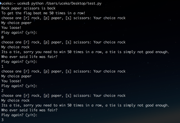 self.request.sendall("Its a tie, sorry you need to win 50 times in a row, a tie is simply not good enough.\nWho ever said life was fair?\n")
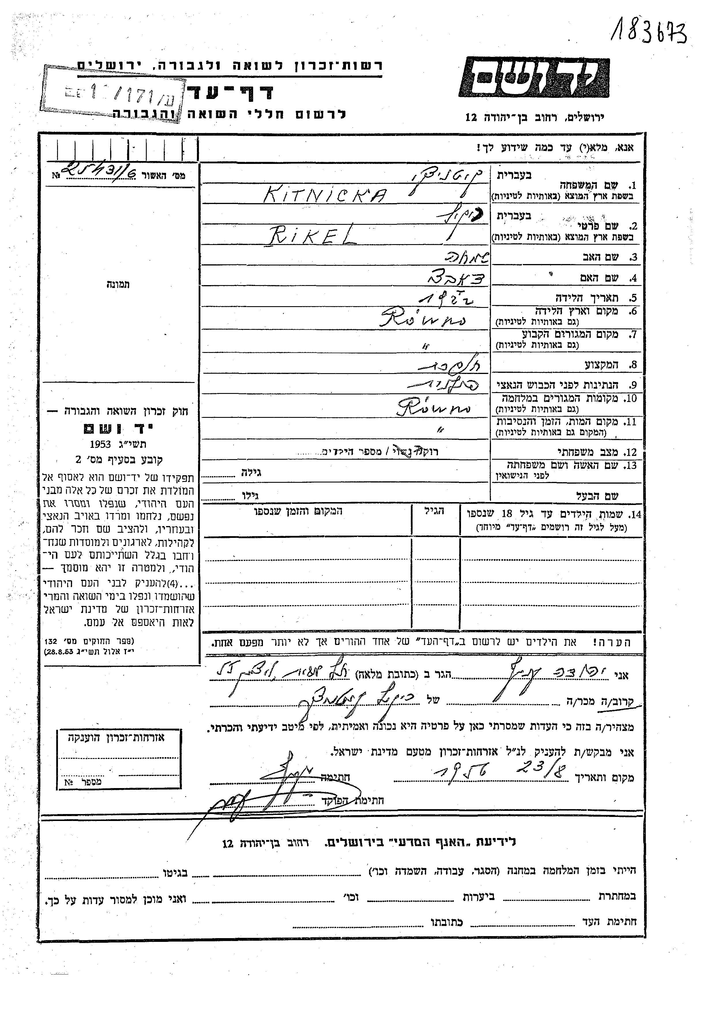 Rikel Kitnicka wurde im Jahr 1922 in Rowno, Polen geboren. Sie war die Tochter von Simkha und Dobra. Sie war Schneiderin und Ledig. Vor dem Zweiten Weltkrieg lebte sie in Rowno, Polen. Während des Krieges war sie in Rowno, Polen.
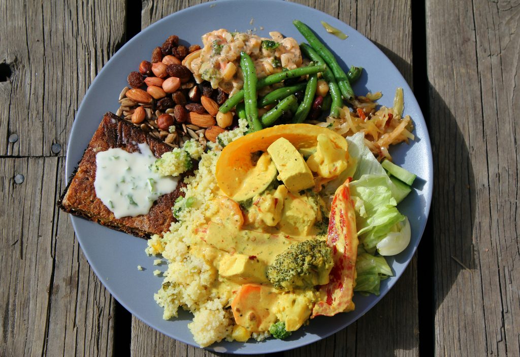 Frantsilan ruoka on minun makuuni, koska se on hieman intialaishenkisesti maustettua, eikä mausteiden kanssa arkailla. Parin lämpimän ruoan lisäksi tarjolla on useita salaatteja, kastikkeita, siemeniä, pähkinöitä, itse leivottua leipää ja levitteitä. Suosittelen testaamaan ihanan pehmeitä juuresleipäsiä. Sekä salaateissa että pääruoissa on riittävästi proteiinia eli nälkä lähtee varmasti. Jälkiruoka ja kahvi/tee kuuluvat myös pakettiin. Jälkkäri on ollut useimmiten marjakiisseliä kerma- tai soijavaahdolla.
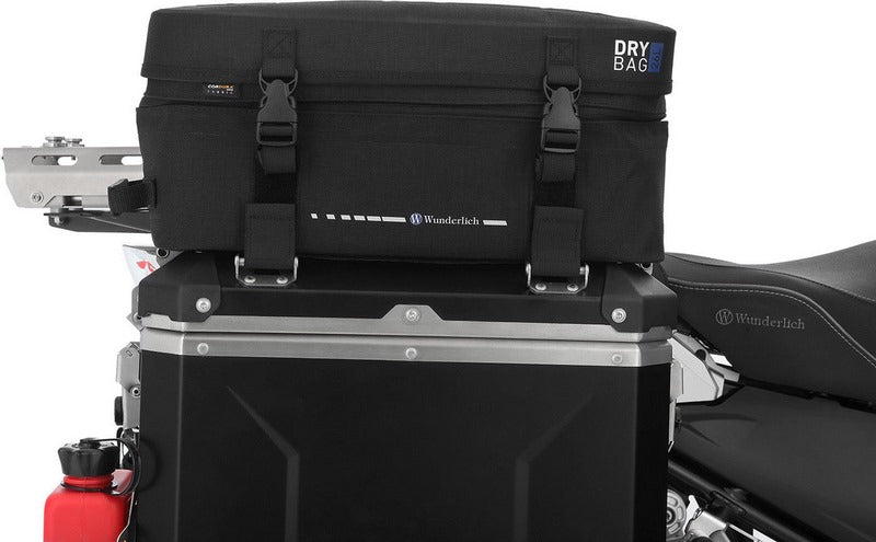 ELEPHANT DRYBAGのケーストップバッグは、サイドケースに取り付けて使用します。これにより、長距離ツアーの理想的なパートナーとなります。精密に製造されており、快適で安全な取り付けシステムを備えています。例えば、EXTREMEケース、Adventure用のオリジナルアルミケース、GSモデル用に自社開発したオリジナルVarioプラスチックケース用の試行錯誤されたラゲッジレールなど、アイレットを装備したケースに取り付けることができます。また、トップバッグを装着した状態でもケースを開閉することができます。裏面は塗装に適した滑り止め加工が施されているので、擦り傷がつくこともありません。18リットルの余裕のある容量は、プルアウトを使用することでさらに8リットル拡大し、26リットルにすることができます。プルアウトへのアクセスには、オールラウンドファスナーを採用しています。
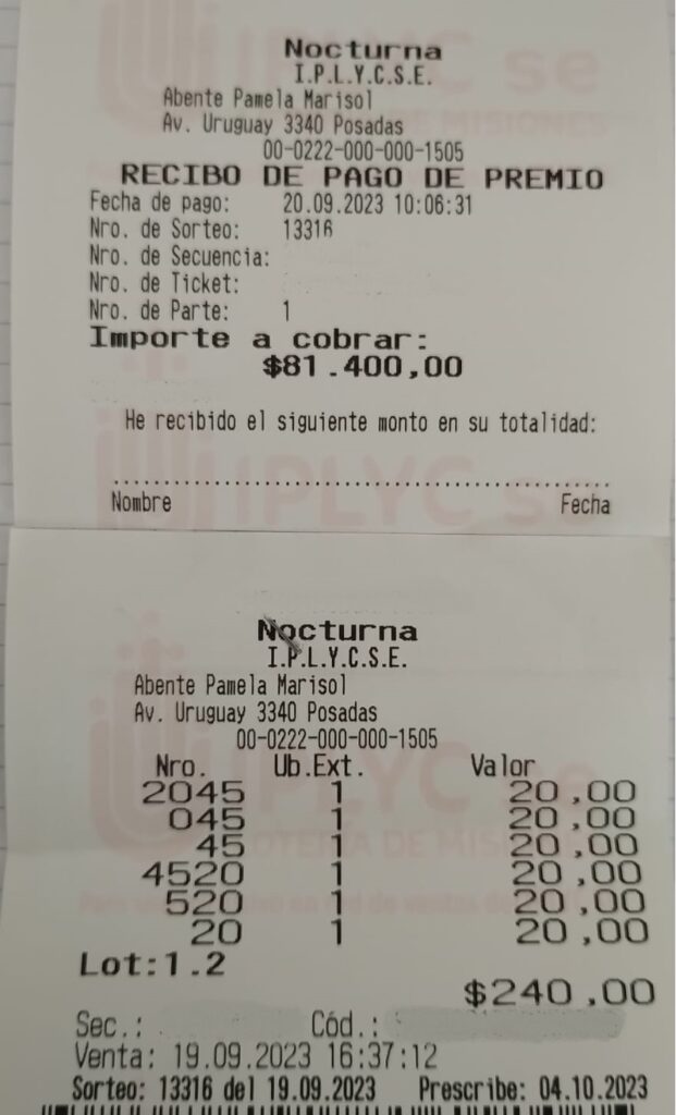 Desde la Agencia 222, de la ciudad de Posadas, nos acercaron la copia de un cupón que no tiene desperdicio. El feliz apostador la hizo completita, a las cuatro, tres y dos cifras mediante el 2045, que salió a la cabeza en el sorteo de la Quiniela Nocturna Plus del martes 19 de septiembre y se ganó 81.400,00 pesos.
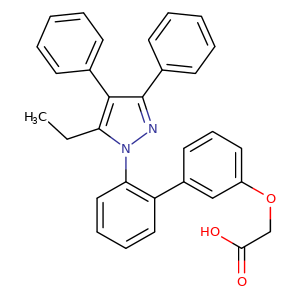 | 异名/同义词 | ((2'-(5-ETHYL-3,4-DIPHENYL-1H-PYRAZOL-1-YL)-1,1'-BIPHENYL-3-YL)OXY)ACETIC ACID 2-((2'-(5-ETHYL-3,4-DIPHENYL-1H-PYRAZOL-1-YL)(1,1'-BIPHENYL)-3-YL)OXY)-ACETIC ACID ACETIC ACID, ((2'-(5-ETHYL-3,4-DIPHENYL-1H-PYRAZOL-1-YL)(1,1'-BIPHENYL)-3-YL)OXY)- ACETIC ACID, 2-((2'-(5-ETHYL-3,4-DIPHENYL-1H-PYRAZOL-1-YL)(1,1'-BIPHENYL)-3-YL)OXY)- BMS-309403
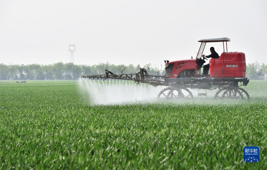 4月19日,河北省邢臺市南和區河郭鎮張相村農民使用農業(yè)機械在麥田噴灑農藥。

**Work task**
Nothing but the lines from the one containing "Desde la Agencia" through the last line of the listing should be copied, each word for word and without pictures.

**Exercise result**
 Desde la Agencia 222, de la ciudad de Posadas, nos acercaron la copia de un cupón que no tiene desperdicio. El feliz apostador la hizo completita, a las cuatro, tres y dos cifras mediante el 2045, que salió a la cabeza en el sorteo de la Quiniela Nocturna Plus del martes 19 de septiembre y se ganó 81.400,00 pesos.
 | 异名/同义词 | ((2'-(5-ETHYL-3,4-DIPHENYL-1H-PYRAZOL-1-YL)-1,1'-BIPHENYL-3-YL)OXY)ACETIC ACID 2-((2'-(5-ETHYL-3,4-DIPHENYL-1H-PYRAZOL-1-YL)(1,1'-BIPHENYL)-3-YL)OXY)-ACETIC ACID ACETIC ACID, ((2'-(5-ETHYL-3,4-DIPHENYL-1H-PYRAZOL-1-YL)(1,1'-BIPHENYL)-3-YL)OXY)- ACETIC ACID, 2-((2'-(5-ETHYL-3,4-DIPHENYL-1H-PYRAZOL-1-YL)(1,1'-BIPHENYL)-3-YL)OXY)- BMS-309403
 4月19日,河北省邢臺市南和區河郭鎮張相村農民使用農業(yè)機械在麥田噴灑農藥。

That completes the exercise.